I ran a test on the computer to check the speed sensors and the front left sensor wasn't detecting any speed.

So I switched around the front sensors, and put it back on the computer. I got the same code for the same side (front left bad). This means that the sensors are good. 

Just to be sure, I took a magnet and quickly moved it back on forth on both sensors. The computer had a reading. 

I unplugged both sensors and checked if there was a current in the plug. There was current, around 12 v on both sides. 

I used my sand paper and then a hose to clean near the hub incase there may have been something that is throwing off the magnetic field.

Still no reading on the front left speed sensor.

One more thing to note, I'm not sure if this started at the same time. But when I step in (or out ? )Of the Murano I get a little shock.

I tried my best to trace the right wire back as far as I could to see if there was any damage. Didn't see any. The left sensor quickly goes in to the flex tube with the rest of the wires. But again, both speed sensors were giving a voltage around 12 v. 

I find it hard to believe the magnetic ring in the bearing could get demagnetized. 

I'm not even 100% sure if the ring is part of the bearing, a seperate piece from the bearing, part of the drive shaft. Any advice would be appreciated.


----------



## VStar650CL (Nov 12, 2020)

First off, did you erase the codes in the ABS before driving it with the sensors swapped, and did you drive it for a ways? Very often sensors start to "glitch" and it may take some time and miles for the code to recur. If you erased it and the error recurred immediately, that's different, it means something is open-circuit. If it's intermittent, check your wheel bearing on the bad wheel, a deteriorating bearing changes the distance between the sensor and reluctor and can cause come-and-go codes. If it recurs immediately, you'll need to break out the wiring diagram and ohm between the sensor and the ABS. One thing I'll point out is that rodents love to chew the front sensor wires where they enter the engine box, usually on the righthand side beneath the wheel well liner but sometimes on the left under or around the IPDM. If your ohmmeter finds broken wires but you can't locate the break, there's nothing wrong with running replacement wires on the outside of the harness. However, do it correctly without shortcuts. Replace _both_ wires even if one is good, use solder-shrink type connectors _only_, and run the new wires in a twisted-pair just like the originals. No need to buy twisted pair, you can use a power drill to twist ordinary hookup wire of the appropriate gauge.


----------



## Murano 2009 (Apr 28, 2021)

Thanks for all these details, very helpful info indeed. I'm actually not 100% sure if we did a reset. I'll try to get my hands on the computer if I can. 

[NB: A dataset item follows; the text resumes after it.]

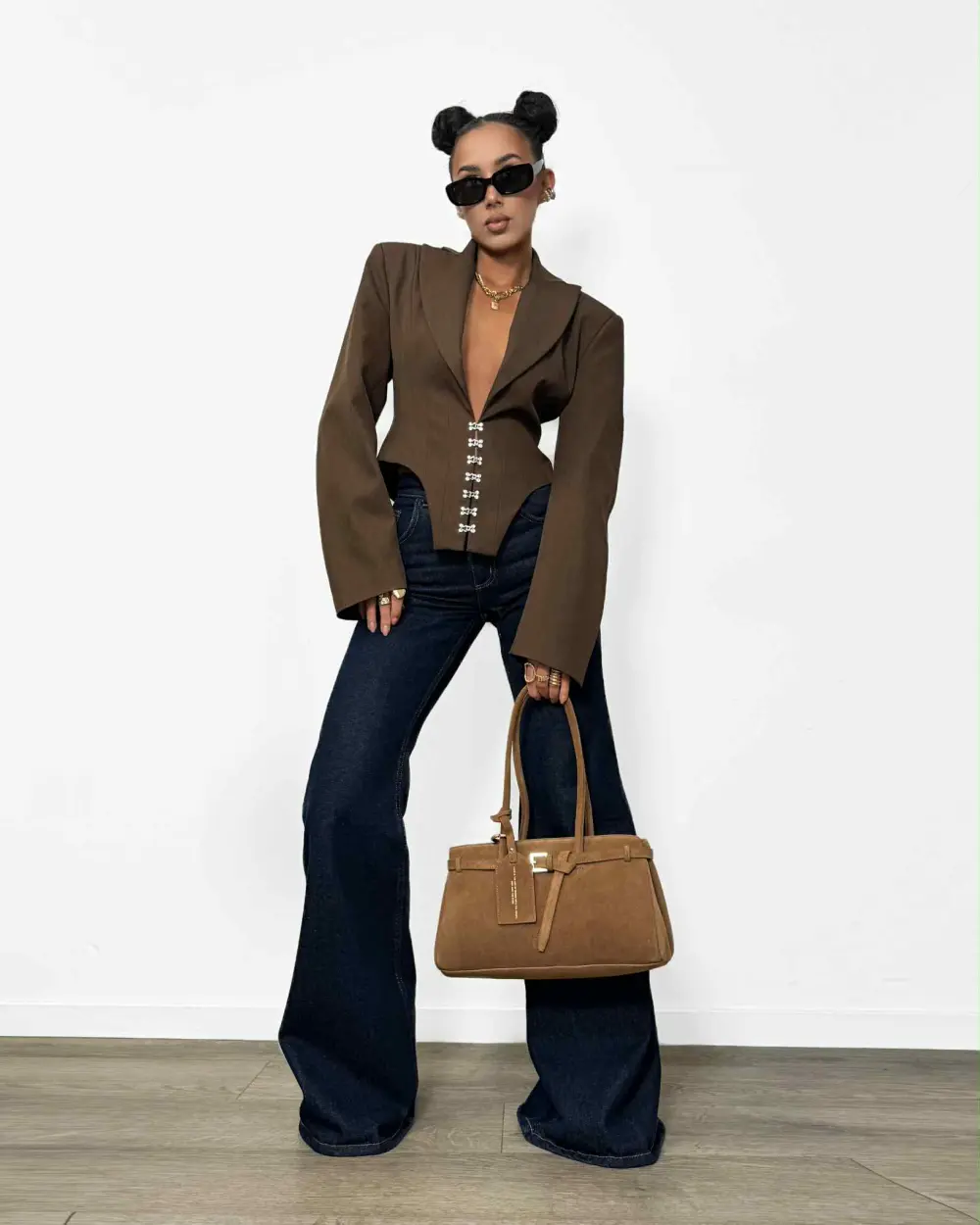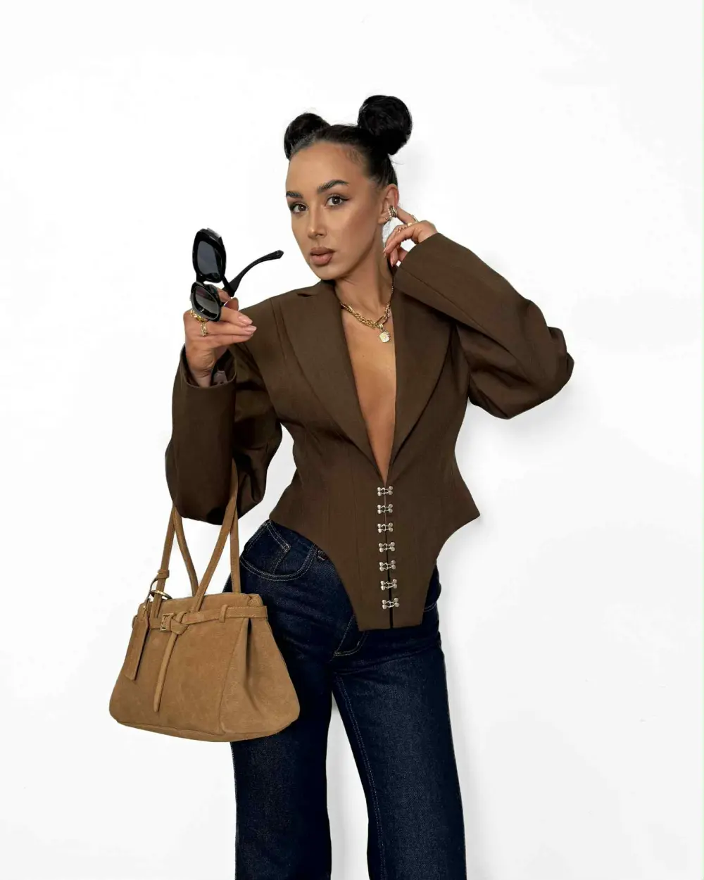 Modernus švarkas su giliais iškirpimais dekoruotas subtiliomis metalinėmis kniedėmis, suteikiančiomis drąsų ir stilingą akcentą. Tiesus kirpimas pabrėžia siluetą ir kuria šiuolaikišką, išskirtinį įvaizdį.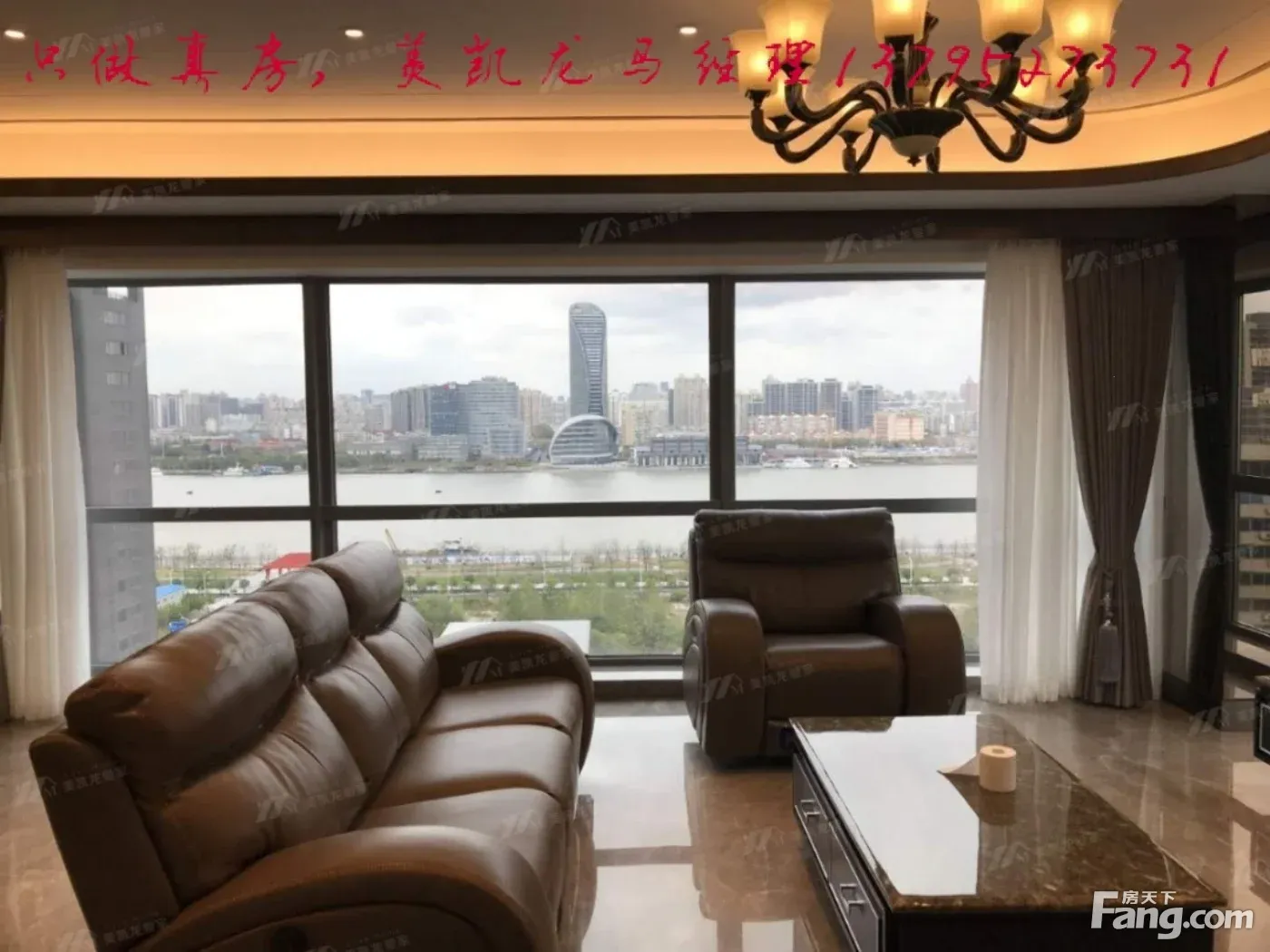 房源亮点 万科翡翠滨江1期带江景;精装修;全落地窗;家具配齐 1、户型描述: 168平,3房2厅2卫; 户型方正,南北朝向,客厅餐厅一体设计,朝北向观江,面积约40平左右,落地窗 设计,北向东向双面采光,南向三个卧室,主卧套房,带衣帽间,卫生间,南向中间 次卧带飘窗,另外一个次卧带一个阳台,方便清洗晾晒衣物137.9527,3731马艳伟 2、装修描述: 开发商精装修交付,全屋威能地暖,大金空调,霍尼韦尔新风系统,嘉 格纳厨房电器,净水软水系统,浅灰色天然大理石地砖,外立面风格采用玻璃幕 墙加铝合金板设计,时尚现代,采光好; 3、保养状况: 开发商精装修交付,全屋地暖,客厅天然大理石地砖,卧室是实木地板,前面租客 高素质,爱干净 4、房屋出租优点: 高区视野,北向看黄埔江景,无遮挡,南向视野一览无遗,精致三房,房况保养都比 较好,家具配齐; 5、景观亮点: 高区江景,北向客厅,主卧卫生间都可以看黄浦江景观,南向视野无遮挡, 一览无遗;

Just to be clear, we didn't use a typical 50$ or 100$ scanner. 
We could see LIVE data of the speed on each wheel as we drove. Since the data was live and changing while we accelerated and slowed down, I assumed there was no need to reset anything. If the data is live, do I still have to reset?

It gives 0 kms right away, so not intermittent (but this might be because we didn't reset it)

I checked the wires as far back as I could for both the front ones, even took some of the wire out of the "tape" they look ok. 

Despite not doing a reset, I have to mention that when we switched the sensor (not resetting it) both sensors, when placed on the passenger side gave a reading. Wouldn't this be enough to rule out the sensor? If so, we are left with the drivers side bearing or the circuit it self. 
Since the wires look good, wouldn't it be safe to assume it's the bearing/reluctor?


----------



## Murano 2009 (Apr 28, 2021)

If both sensors are good Soni still have to do a ohms test? 
Does the ohms check verify the circuit or the sensor (I know the sensor is good already as both gave a reading on the passenger side ) ?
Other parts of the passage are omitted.